[Task description]
Retype the records that come next, word for word.

[Extracted records]
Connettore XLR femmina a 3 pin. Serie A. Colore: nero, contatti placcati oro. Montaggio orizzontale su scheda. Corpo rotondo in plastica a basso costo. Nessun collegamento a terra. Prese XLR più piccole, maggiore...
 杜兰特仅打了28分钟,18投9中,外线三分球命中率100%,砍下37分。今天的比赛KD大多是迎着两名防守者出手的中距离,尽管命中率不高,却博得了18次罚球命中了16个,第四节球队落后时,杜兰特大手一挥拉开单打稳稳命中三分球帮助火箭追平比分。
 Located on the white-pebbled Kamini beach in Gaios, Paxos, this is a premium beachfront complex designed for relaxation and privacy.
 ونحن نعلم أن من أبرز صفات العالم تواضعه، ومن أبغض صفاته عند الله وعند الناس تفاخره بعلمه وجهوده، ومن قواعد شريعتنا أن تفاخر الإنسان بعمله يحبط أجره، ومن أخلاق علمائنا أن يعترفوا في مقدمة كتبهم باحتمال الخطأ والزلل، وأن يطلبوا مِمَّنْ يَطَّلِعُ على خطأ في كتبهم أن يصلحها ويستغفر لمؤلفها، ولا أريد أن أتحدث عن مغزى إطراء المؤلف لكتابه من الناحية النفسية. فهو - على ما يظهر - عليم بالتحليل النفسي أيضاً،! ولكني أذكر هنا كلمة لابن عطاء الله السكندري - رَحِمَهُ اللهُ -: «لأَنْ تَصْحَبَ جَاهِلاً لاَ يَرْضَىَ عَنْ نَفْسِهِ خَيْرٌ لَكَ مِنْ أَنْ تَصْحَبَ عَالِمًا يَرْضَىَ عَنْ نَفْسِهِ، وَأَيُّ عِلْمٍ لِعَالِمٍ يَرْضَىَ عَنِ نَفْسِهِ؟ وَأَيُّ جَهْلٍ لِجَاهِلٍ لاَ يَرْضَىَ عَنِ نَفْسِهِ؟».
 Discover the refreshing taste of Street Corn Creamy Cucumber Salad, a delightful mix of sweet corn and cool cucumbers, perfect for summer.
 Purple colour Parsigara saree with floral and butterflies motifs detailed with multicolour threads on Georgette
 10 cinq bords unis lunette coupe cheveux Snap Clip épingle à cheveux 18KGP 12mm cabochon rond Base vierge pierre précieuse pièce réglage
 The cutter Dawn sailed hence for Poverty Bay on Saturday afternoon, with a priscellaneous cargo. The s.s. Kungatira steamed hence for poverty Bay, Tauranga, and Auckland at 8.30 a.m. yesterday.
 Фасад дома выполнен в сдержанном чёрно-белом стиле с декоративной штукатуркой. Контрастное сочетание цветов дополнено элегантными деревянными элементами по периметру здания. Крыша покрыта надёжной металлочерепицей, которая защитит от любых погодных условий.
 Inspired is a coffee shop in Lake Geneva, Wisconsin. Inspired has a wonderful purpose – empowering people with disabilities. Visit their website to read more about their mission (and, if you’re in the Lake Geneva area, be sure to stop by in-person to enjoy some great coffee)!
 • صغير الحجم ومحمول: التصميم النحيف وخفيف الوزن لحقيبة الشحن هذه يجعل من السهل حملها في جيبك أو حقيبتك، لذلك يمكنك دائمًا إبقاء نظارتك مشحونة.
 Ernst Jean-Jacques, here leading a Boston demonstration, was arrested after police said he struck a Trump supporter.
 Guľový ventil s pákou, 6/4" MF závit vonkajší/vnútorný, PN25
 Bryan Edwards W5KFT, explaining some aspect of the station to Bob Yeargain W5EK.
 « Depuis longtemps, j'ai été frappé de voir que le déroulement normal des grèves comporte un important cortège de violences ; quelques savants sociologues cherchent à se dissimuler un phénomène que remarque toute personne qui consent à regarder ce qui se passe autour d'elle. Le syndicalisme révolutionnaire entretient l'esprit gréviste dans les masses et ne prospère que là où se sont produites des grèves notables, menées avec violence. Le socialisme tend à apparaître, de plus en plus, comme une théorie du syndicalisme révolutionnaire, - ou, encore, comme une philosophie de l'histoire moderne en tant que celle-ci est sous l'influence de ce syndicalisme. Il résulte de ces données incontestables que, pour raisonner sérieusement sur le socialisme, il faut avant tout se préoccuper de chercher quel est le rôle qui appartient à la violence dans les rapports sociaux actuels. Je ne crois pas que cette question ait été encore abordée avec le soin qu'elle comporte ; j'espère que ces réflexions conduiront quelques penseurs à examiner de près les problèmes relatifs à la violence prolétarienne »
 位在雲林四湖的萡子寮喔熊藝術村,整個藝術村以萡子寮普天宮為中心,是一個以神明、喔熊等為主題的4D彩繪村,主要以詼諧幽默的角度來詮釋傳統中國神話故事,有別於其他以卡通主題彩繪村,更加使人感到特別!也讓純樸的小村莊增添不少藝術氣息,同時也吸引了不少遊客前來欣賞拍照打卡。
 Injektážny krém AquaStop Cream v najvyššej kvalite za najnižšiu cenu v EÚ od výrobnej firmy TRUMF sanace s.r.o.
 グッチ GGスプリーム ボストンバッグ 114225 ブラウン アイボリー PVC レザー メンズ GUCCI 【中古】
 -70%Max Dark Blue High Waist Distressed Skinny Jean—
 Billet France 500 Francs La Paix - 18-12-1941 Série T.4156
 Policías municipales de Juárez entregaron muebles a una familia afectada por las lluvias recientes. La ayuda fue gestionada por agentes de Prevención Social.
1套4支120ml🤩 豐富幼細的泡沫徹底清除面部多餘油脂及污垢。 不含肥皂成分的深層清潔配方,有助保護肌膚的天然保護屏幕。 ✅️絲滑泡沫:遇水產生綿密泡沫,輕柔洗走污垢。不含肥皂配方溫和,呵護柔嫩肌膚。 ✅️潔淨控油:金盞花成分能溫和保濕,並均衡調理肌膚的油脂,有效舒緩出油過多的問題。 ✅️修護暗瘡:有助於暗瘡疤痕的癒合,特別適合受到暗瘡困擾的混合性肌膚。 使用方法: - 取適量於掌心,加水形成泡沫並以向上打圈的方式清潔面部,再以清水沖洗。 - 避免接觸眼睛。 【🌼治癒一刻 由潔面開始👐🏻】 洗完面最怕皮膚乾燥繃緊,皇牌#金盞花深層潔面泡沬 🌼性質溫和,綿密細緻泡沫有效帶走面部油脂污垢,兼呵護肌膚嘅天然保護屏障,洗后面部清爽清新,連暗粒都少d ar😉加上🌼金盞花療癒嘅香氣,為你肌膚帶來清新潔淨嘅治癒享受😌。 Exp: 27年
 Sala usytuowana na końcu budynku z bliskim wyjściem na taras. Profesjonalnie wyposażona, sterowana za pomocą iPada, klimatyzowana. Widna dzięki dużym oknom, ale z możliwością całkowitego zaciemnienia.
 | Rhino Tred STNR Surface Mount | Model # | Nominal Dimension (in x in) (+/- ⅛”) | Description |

[Reply]
Connettore XLR femmina a 3 pin. Serie A. Colore: nero, contatti placcati oro. Montaggio orizzontale su scheda. Corpo rotondo in plastica a basso costo. Nessun collegamento a terra. Prese XLR più piccole, maggiore...
 杜兰特仅打了28分钟,18投9中,外线三分球命中率100%,砍下37分。今天的比赛KD大多是迎着两名防守者出手的中距离,尽管命中率不高,却博得了18次罚球命中了16个,第四节球队落后时,杜兰特大手一挥拉开单打稳稳命中三分球帮助火箭追平比分。
 Located on the white-pebbled Kamini beach in Gaios, Paxos, this is a premium beachfront complex designed for relaxation and privacy.
 ونحن نعلم أن من أبرز صفات العالم تواضعه، ومن أبغض صفاته عند الله وعند الناس تفاخره بعلمه وجهوده، ومن قواعد شريعتنا أن تفاخر الإنسان بعمله يحبط أجره، ومن أخلاق علمائنا أن يعترفوا في مقدمة كتبهم باحتمال الخطأ والزلل، وأن يطلبوا مِمَّنْ يَطَّلِعُ على خطأ في كتبهم أن يصلحها ويستغفر لمؤلفها، ولا أريد أن أتحدث عن مغزى إطراء المؤلف لكتابه من الناحية النفسية. فهو - على ما يظهر - عليم بالتحليل النفسي أيضاً،! ولكني أذكر هنا كلمة لابن عطاء الله السكندري - رَحِمَهُ اللهُ -: «لأَنْ تَصْحَبَ جَاهِلاً لاَ يَرْضَىَ عَنْ نَفْسِهِ خَيْرٌ لَكَ مِنْ أَنْ تَصْحَبَ عَالِمًا يَرْضَىَ عَنْ نَفْسِهِ، وَأَيُّ عِلْمٍ لِعَالِمٍ يَرْضَىَ عَنِ نَفْسِهِ؟ وَأَيُّ جَهْلٍ لِجَاهِلٍ لاَ يَرْضَىَ عَنِ نَفْسِهِ؟».
 Discover the refreshing taste of Street Corn Creamy Cucumber Salad, a delightful mix of sweet corn and cool cucumbers, perfect for summer.
 Purple colour Parsigara saree with floral and butterflies motifs detailed with multicolour threads on Georgette
 10 cinq bords unis lunette coupe cheveux Snap Clip épingle à cheveux 18KGP 12mm cabochon rond Base vierge pierre précieuse pièce réglage
 The cutter Dawn sailed hence for Poverty Bay on Saturday afternoon, with a priscellaneous cargo. The s.s. Kungatira steamed hence for poverty Bay, Tauranga, and Auckland at 8.30 a.m. yesterday.
 Фасад дома выполнен в сдержанном чёрно-белом стиле с декоративной штукатуркой. Контрастное сочетание цветов дополнено элегантными деревянными элементами по периметру здания. Крыша покрыта надёжной металлочерепицей, которая защитит от любых погодных условий.
 Inspired is a coffee shop in Lake Geneva, Wisconsin. Inspired has a wonderful purpose – empowering people with disabilities. Visit their website to read more about their mission (and, if you’re in the Lake Geneva area, be sure to stop by in-person to enjoy some great coffee)!
 • صغير الحجم ومحمول: التصميم النحيف وخفيف الوزن لحقيبة الشحن هذه يجعل من السهل حملها في جيبك أو حقيبتك، لذلك يمكنك دائمًا إبقاء نظارتك مشحونة.
 Ernst Jean-Jacques, here leading a Boston demonstration, was arrested after police said he struck a Trump supporter.
 Guľový ventil s pákou, 6/4" MF závit vonkajší/vnútorný, PN25
 Bryan Edwards W5KFT, explaining some aspect of the station to Bob Yeargain W5EK.
 « Depuis longtemps, j'ai été frappé de voir que le déroulement normal des grèves comporte un important cortège de violences ; quelques savants sociologues cherchent à se dissimuler un phénomène que remarque toute personne qui consent à regarder ce qui se passe autour d'elle. Le syndicalisme révolutionnaire entretient l'esprit gréviste dans les masses et ne prospère que là où se sont produites des grèves notables, menées avec violence. Le socialisme tend à apparaître, de plus en plus, comme une théorie du syndicalisme révolutionnaire, - ou, encore, comme une philosophie de l'histoire moderne en tant que celle-ci est sous l'influence de ce syndicalisme. Il résulte de ces données incontestables que, pour raisonner sérieusement sur le socialisme, il faut avant tout se préoccuper de chercher quel est le rôle qui appartient à la violence dans les rapports sociaux actuels. Je ne crois pas que cette question ait été encore abordée avec le soin qu'elle comporte ; j'espère que ces réflexions conduiront quelques penseurs à examiner de près les problèmes relatifs à la violence prolétarienne »
 位在雲林四湖的萡子寮喔熊藝術村,整個藝術村以萡子寮普天宮為中心,是一個以神明、喔熊等為主題的4D彩繪村,主要以詼諧幽默的角度來詮釋傳統中國神話故事,有別於其他以卡通主題彩繪村,更加使人感到特別!也讓純樸的小村莊增添不少藝術氣息,同時也吸引了不少遊客前來欣賞拍照打卡。
 Injektážny krém AquaStop Cream v najvyššej kvalite za najnižšiu cenu v EÚ od výrobnej firmy TRUMF sanace s.r.o.
 グッチ GGスプリーム ボストンバッグ 114225 ブラウン アイボリー PVC レザー メンズ GUCCI 【中古】
 -70%Max Dark Blue High Waist Distressed Skinny Jean—
 Billet France 500 Francs La Paix - 18-12-1941 Série T.4156
 Policías municipales de Juárez entregaron muebles a una familia afectada por las lluvias recientes. La ayuda fue gestionada por agentes de Prevención Social.
1套4支120ml🤩 豐富幼細的泡沫徹底清除面部多餘油脂及污垢。 不含肥皂成分的深層清潔配方,有助保護肌膚的天然保護屏幕。 ✅️絲滑泡沫:遇水產生綿密泡沫,輕柔洗走污垢。不含肥皂配方溫和,呵護柔嫩肌膚。 ✅️潔淨控油:金盞花成分能溫和保濕,並均衡調理肌膚的油脂,有效舒緩出油過多的問題。 ✅️修護暗瘡:有助於暗瘡疤痕的癒合,特別適合受到暗瘡困擾的混合性肌膚。 使用方法: - 取適量於掌心,加水形成泡沫並以向上打圈的方式清潔面部,再以清水沖洗。 - 避免接觸眼睛。 【🌼治癒一刻 由潔面開始👐🏻】 洗完面最怕皮膚乾燥繃緊,皇牌#金盞花深層潔面泡沬 🌼性質溫和,綿密細緻泡沫有效帶走面部油脂污垢,兼呵護肌膚嘅天然保護屏障,洗后面部清爽清新,連暗粒都少d ar😉加上🌼金盞花療癒嘅香氣,為你肌膚帶來清新潔淨嘅治癒享受😌。 Exp: 27年
 Sala usytuowana na końcu budynku z bliskim wyjściem na taras. Profesjonalnie wyposażona, sterowana za pomocą iPada, klimatyzowana. Widna dzięki dużym oknom, ale z możliwością całkowitego zaciemnienia.
 | Rhino Tred STNR Surface Mount | Model # | Nominal Dimension (in x in) (+/- ⅛”) | Description |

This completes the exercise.